━━ EXERCISE DATA ━━

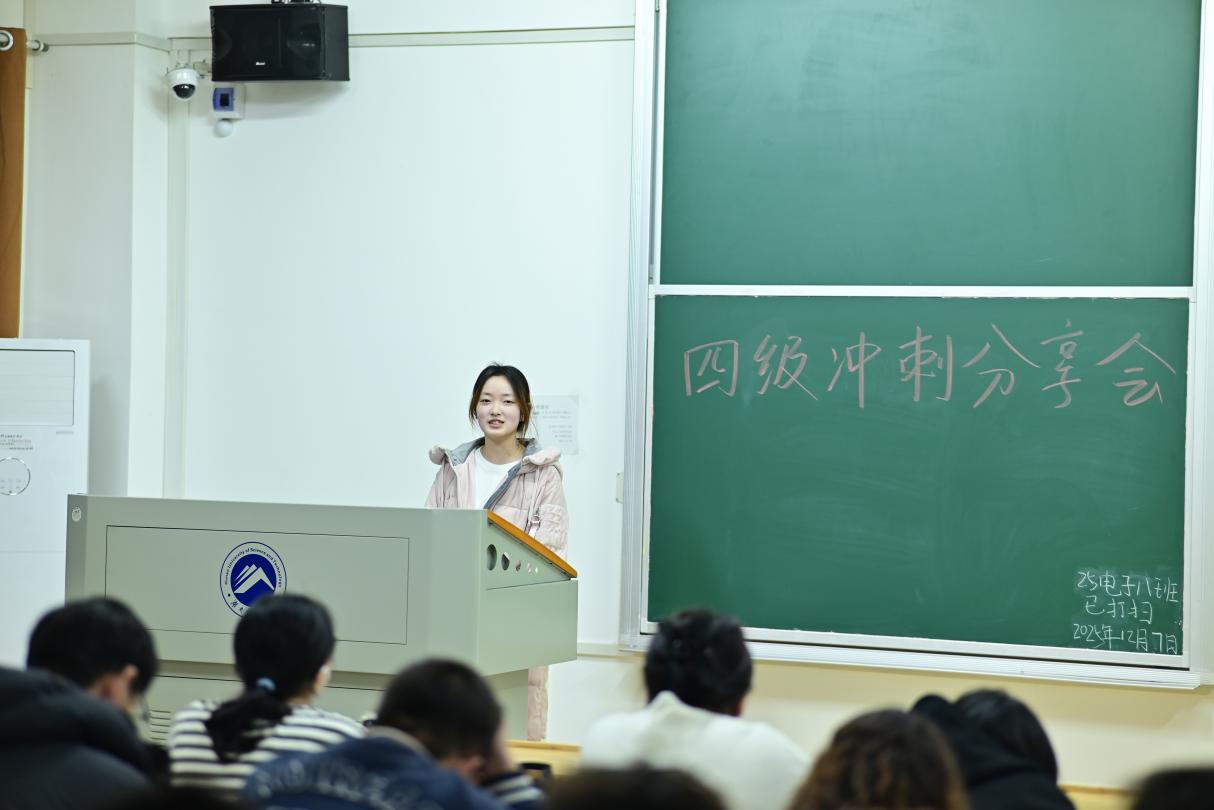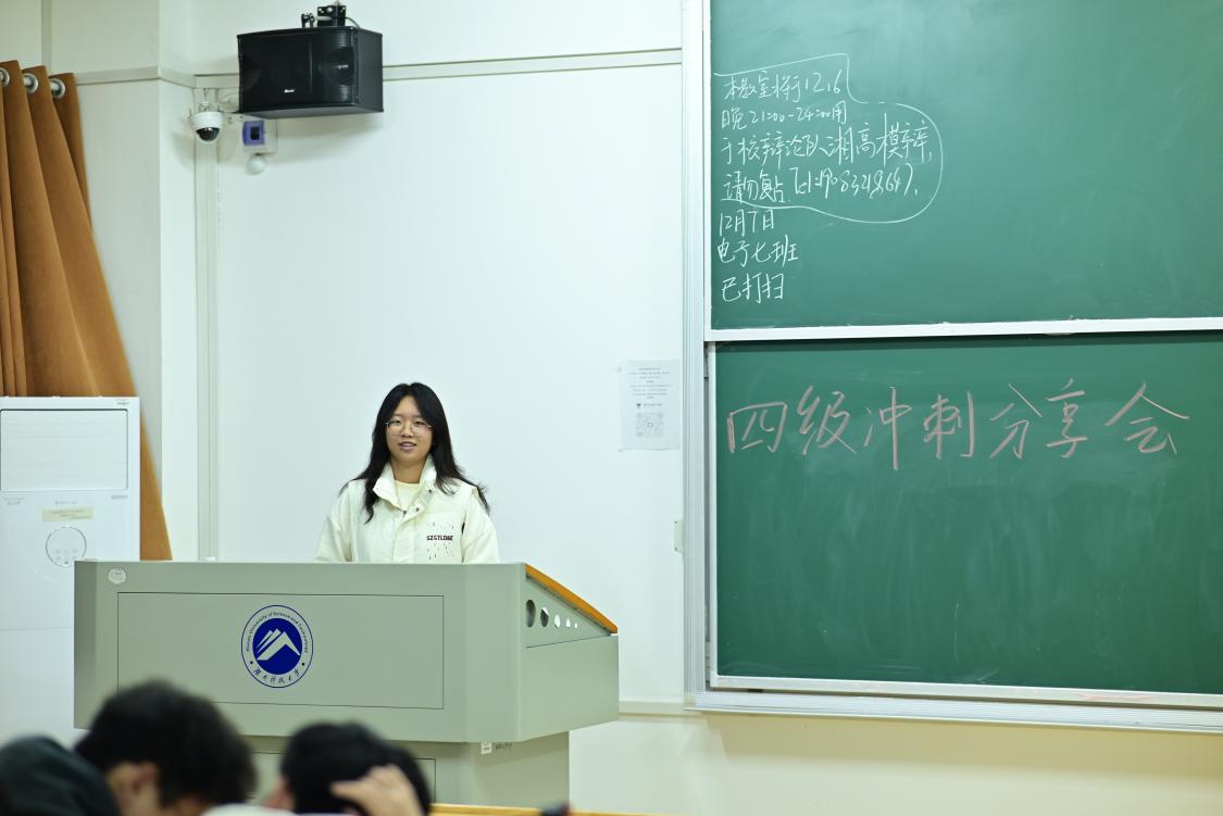 为赋能2024级学子高效备考,有效突破英语考级难点,12月7日晚,我院面向2024级全体学生,在知行楼各教室分专业举办了英语四六级考级经验分享会。优秀学生代表吕佳慧、王焕结合自身备考经验,就冲刺阶段备考进行主题分享。
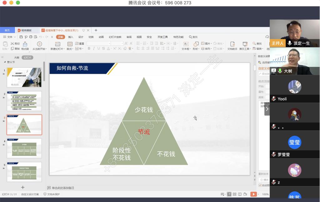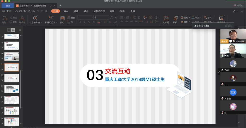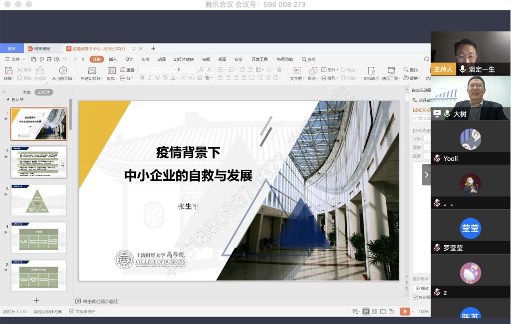 4月9日晚上,我校税务硕士教育中心通过腾讯会议成功举办了本年度第一次南山税务沙龙——疫情背景下中小企业的自救与发展。本次沙龙由jinnianhui今年会尚可文教授主持,特邀请迅驰车业江苏有限公司副总裁、上海财经大学硕士生导师张生军博士主讲,我校2019级税务硕士研究生参加了沙龙。
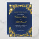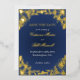 Luxus-Save-the-Date-Karte mit navyblauem Hintergrund und echter Goldfolie mit floralem Muster, umgeben von eleganten, schimmernden Goldfolienkonturen. Perfekt, um Ihre Hochzeitsdatum und -ort Ihren Gästen mit einer Aussage von Opulenz und moderner Sophistikation bekannt zu geben. Einfach anpassen, um Ihrem glamourösen oder modernen Luxus-Hochzeitsthema zu entsprechen. Siehe passende Kollektion in La_Promesse.
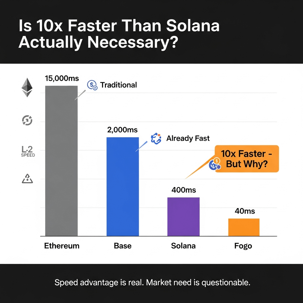 been watching this Fogo launch. everyone's flexing 40ms block times - 10x faster than Solana. impressive. but honestly? missing the point 😂
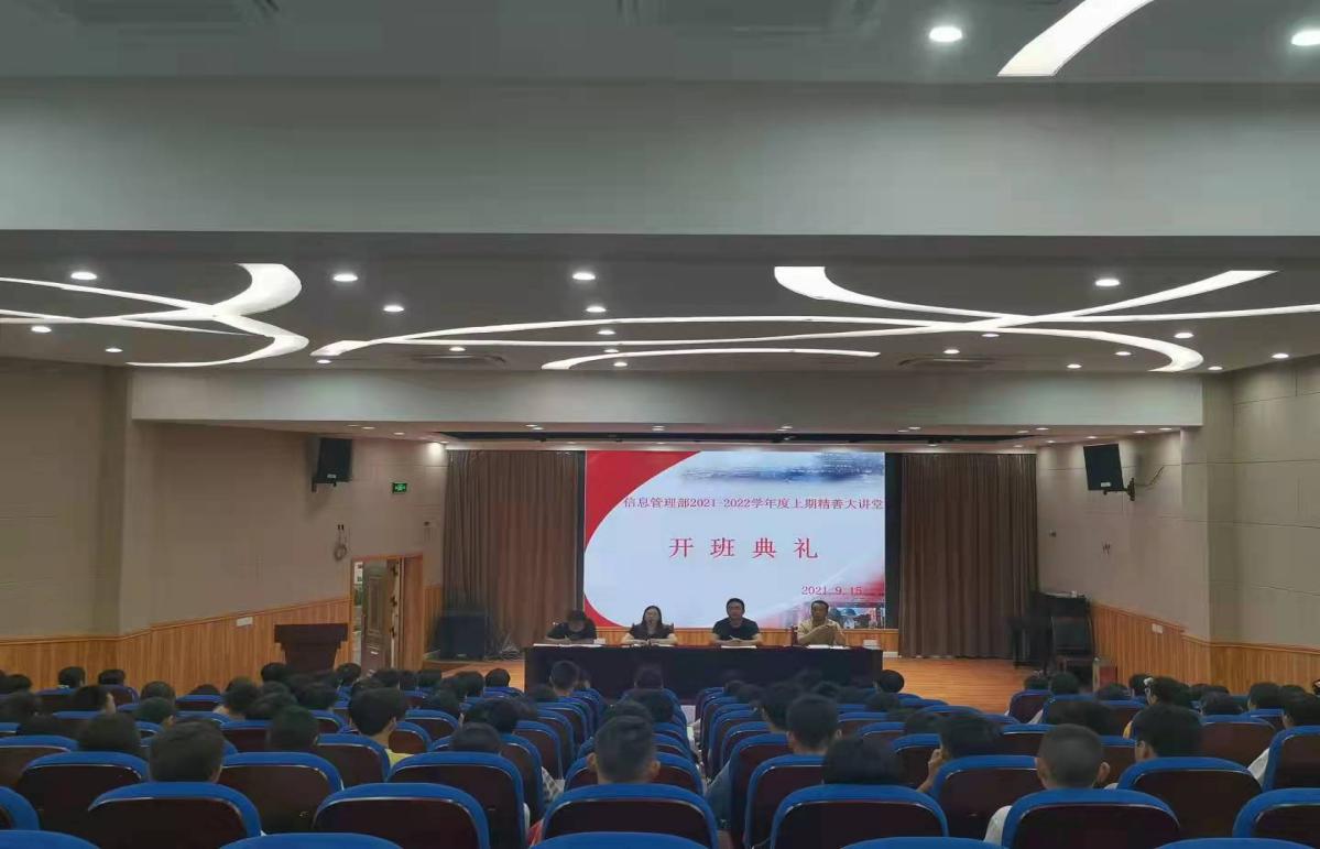 2021年9月15日下午4:00,信息管理部2021-2022上期“精善大课堂”在大足职业教育中心第二阶梯教室正式开班。学生处主任甘雨,督导室主任易廷英,信息管理部部长邹汝全,德育管理员黄俊彪参加开班仪式并做了发言。开班典礼由黄俊彪老师主持。
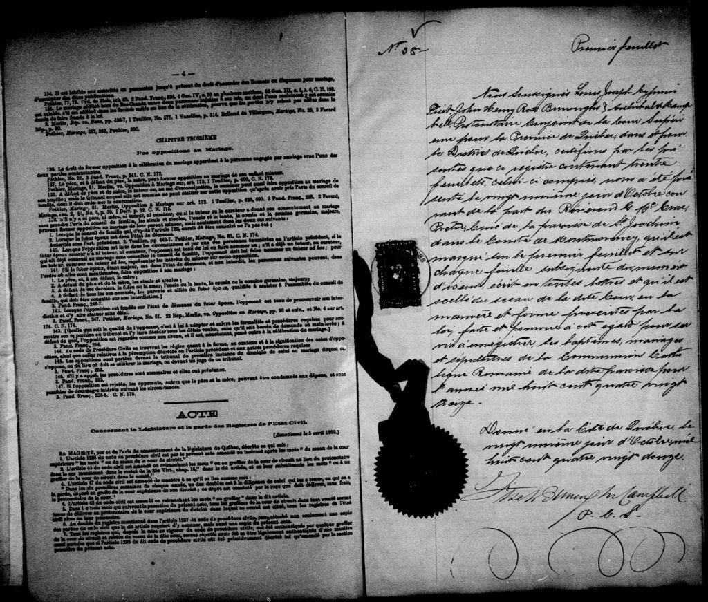 Saint-Joachim, 1687-1922, Archives nationales à Québec, Fonds Cour supérieure. District judiciaire de Québec. État civil, (03Q,CE301,S18).
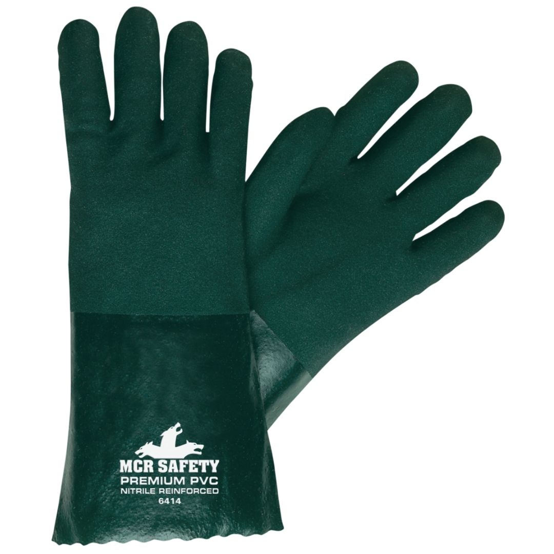 Estos guantes de PVC MCR Safety Premium están diseñados para aguantar en aplicaciones petroquímicas. Consisten en dos capas de PVC verde con textura arenosa reforzado con nitrilo para proporcionar tenacidad y resistencia a la abrasión. Esta serie premium ofrece longitudes de guantes que van de 10 a 18 pulgadas. El modelo 6414 tiene 14 pulgadas de largo, se sumerge doble en PVC verde, y tiene un acabado arenoso para mayor agarre. También está forrado con cómodo algodón tipo jersey y tratado con ActiFresh® para ayudar a prevenir los olores y eliminar las bacterias.
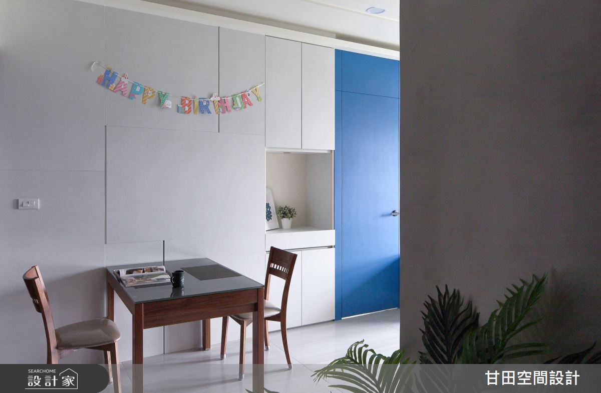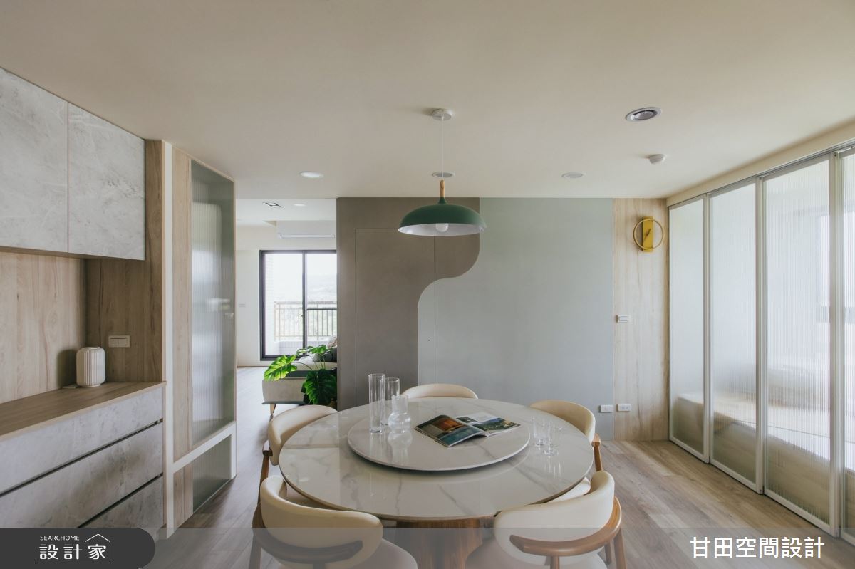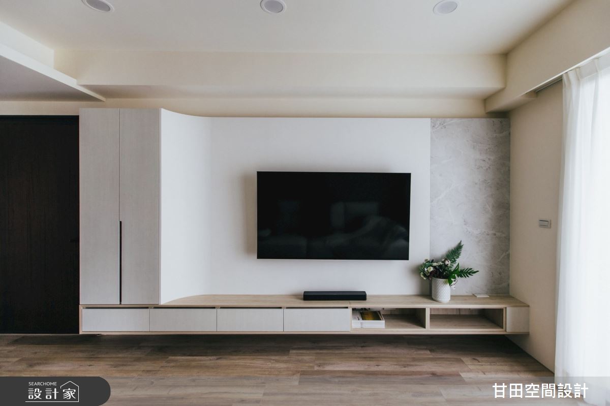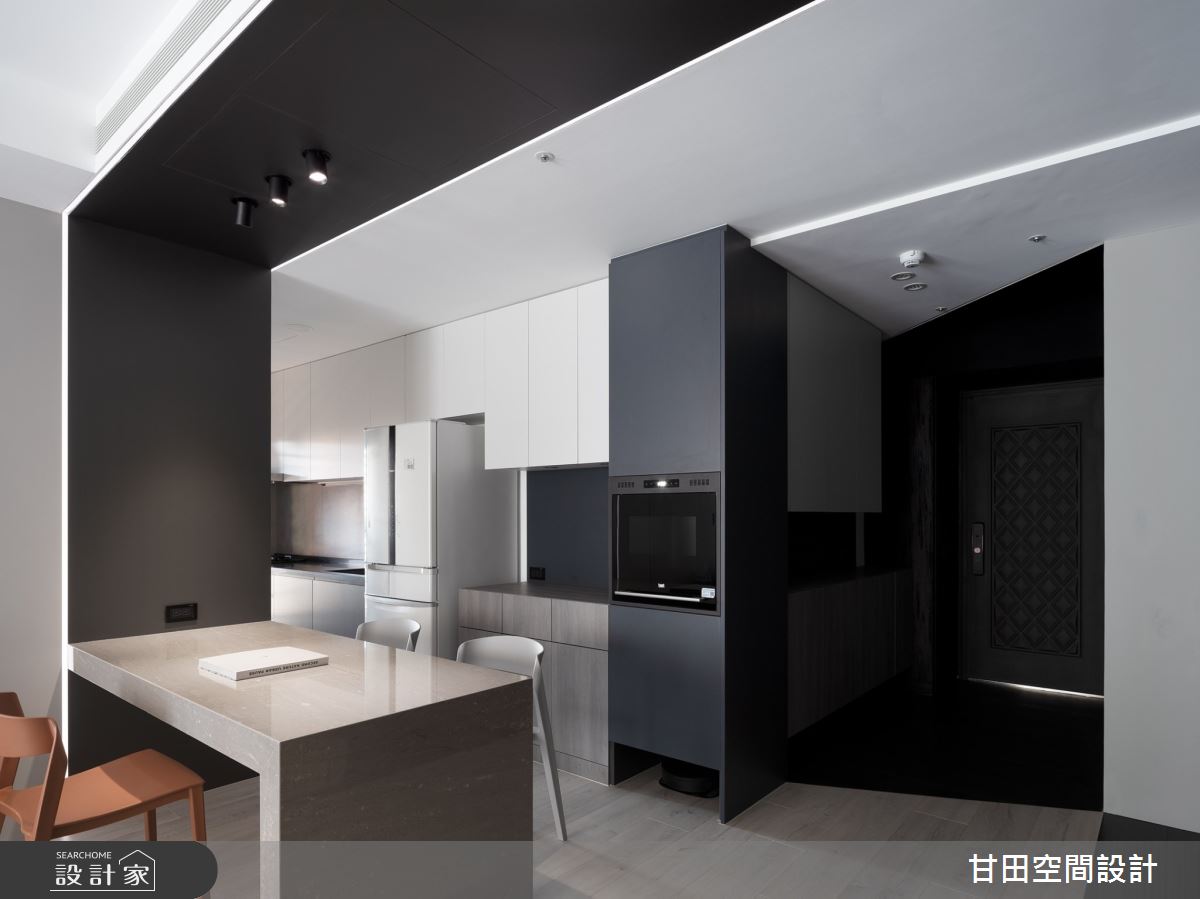 由甘田空間設計精心規劃的30坪三房住宅空間,家庭成員一共有2位大人、2位小孩。因應屋主需求,設計師運用現代風作為主軸,搭配油漆、乳膠漆、超耐磨木地板、石英磚/拋光石英磚、大理石、軌道燈、吸磁軌道燈、清水模、鋁槽燈、燈條,打造全家人的夢想家居。
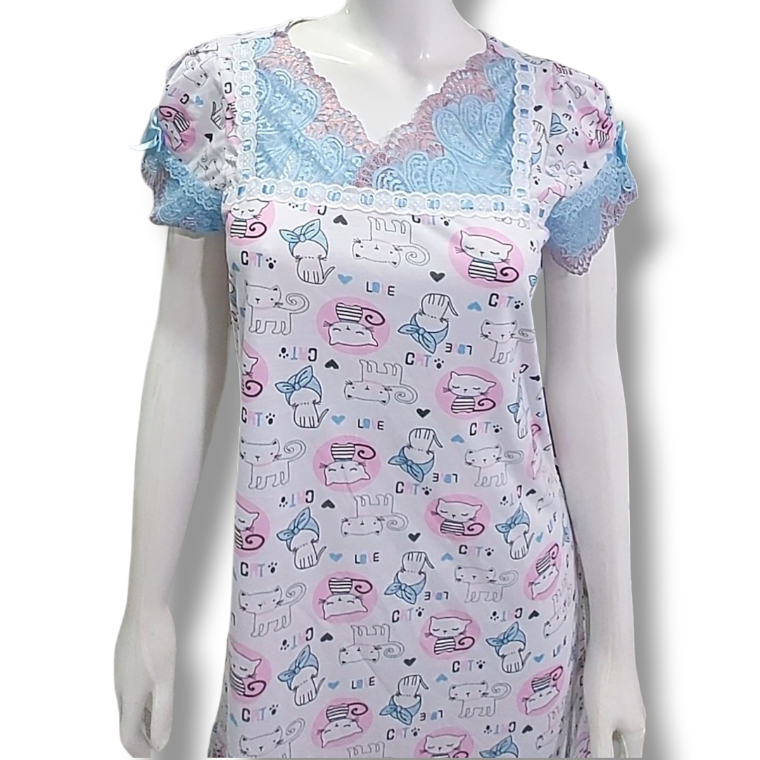 COR: Malha fundo branco com estampa gatinha,Renda azul com Rosê Golden
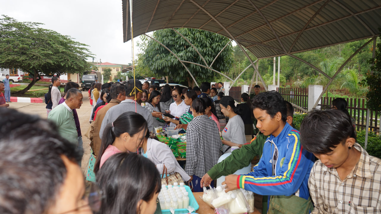 ရှမ်းပြည်နယ်(တောင်ပိုင်း)၊ ပအိုဝ်းကိုယ်ပိုင်အုပ်ချုပ်ခွင့်ရဒေသ၊ ဟိုပုံးမြို့နယ်ရှိ ဌာနဆိုင်ရာဝန်ထမ်းများအား သက်သာသော ဈေးနှုန်းဖြင့် ကြက်ဥ၊ နွားနို့များနှင့် စားသောက်ကုန်ပစ္စ္စည်းများ ဖြန့်ဖြူးရောင်းချပေးခြင်းကို ယနေ့နံနက် ၉ နာရီအချိန်က ပအိုဝ်းကိုယ်ပိုင်အုပ်ချုပ်ခွင့်ရဒေသ စီမံအုပ်ချုပ်ရေးအဖွဲ့ရုံးရှေ့တွင် ရောင်းချပေးလျက်ရှိသည်။

━━━

● TASK ITEM: Up to and including the line with "COR: Malha fundo", repeat every line from the top of the entries exactly, but not the pictures.

● REPLY:
 为赋能2024级学子高效备考,有效突破英语考级难点,12月7日晚,我院面向2024级全体学生,在知行楼各教室分专业举办了英语四六级考级经验分享会。优秀学生代表吕佳慧、王焕结合自身备考经验,就冲刺阶段备考进行主题分享。
 4月9日晚上,我校税务硕士教育中心通过腾讯会议成功举办了本年度第一次南山税务沙龙——疫情背景下中小企业的自救与发展。本次沙龙由jinnianhui今年会尚可文教授主持,特邀请迅驰车业江苏有限公司副总裁、上海财经大学硕士生导师张生军博士主讲,我校2019级税务硕士研究生参加了沙龙。
 Luxus-Save-the-Date-Karte mit navyblauem Hintergrund und echter Goldfolie mit floralem Muster, umgeben von eleganten, schimmernden Goldfolienkonturen. Perfekt, um Ihre Hochzeitsdatum und -ort Ihren Gästen mit einer Aussage von Opulenz und moderner Sophistikation bekannt zu geben. Einfach anpassen, um Ihrem glamourösen oder modernen Luxus-Hochzeitsthema zu entsprechen. Siehe passende Kollektion in La_Promesse.
 been watching this Fogo launch. everyone's flexing 40ms block times - 10x faster than Solana. impressive. but honestly? missing the point 😂
 2021年9月15日下午4:00,信息管理部2021-2022上期“精善大课堂”在大足职业教育中心第二阶梯教室正式开班。学生处主任甘雨,督导室主任易廷英,信息管理部部长邹汝全,德育管理员黄俊彪参加开班仪式并做了发言。开班典礼由黄俊彪老师主持。
 Saint-Joachim, 1687-1922, Archives nationales à Québec, Fonds Cour supérieure. District judiciaire de Québec. État civil, (03Q,CE301,S18).
 Estos guantes de PVC MCR Safety Premium están diseñados para aguantar en aplicaciones petroquímicas. Consisten en dos capas de PVC verde con textura arenosa reforzado con nitrilo para proporcionar tenacidad y resistencia a la abrasión. Esta serie premium ofrece longitudes de guantes que van de 10 a 18 pulgadas. El modelo 6414 tiene 14 pulgadas de largo, se sumerge doble en PVC verde, y tiene un acabado arenoso para mayor agarre. También está forrado con cómodo algodón tipo jersey y tratado con ActiFresh® para ayudar a prevenir los olores y eliminar las bacterias.
 由甘田空間設計精心規劃的30坪三房住宅空間,家庭成員一共有2位大人、2位小孩。因應屋主需求,設計師運用現代風作為主軸,搭配油漆、乳膠漆、超耐磨木地板、石英磚/拋光石英磚、大理石、軌道燈、吸磁軌道燈、清水模、鋁槽燈、燈條,打造全家人的夢想家居。
 COR: Malha fundo branco com estampa gatinha,Renda azul com Rosê Golden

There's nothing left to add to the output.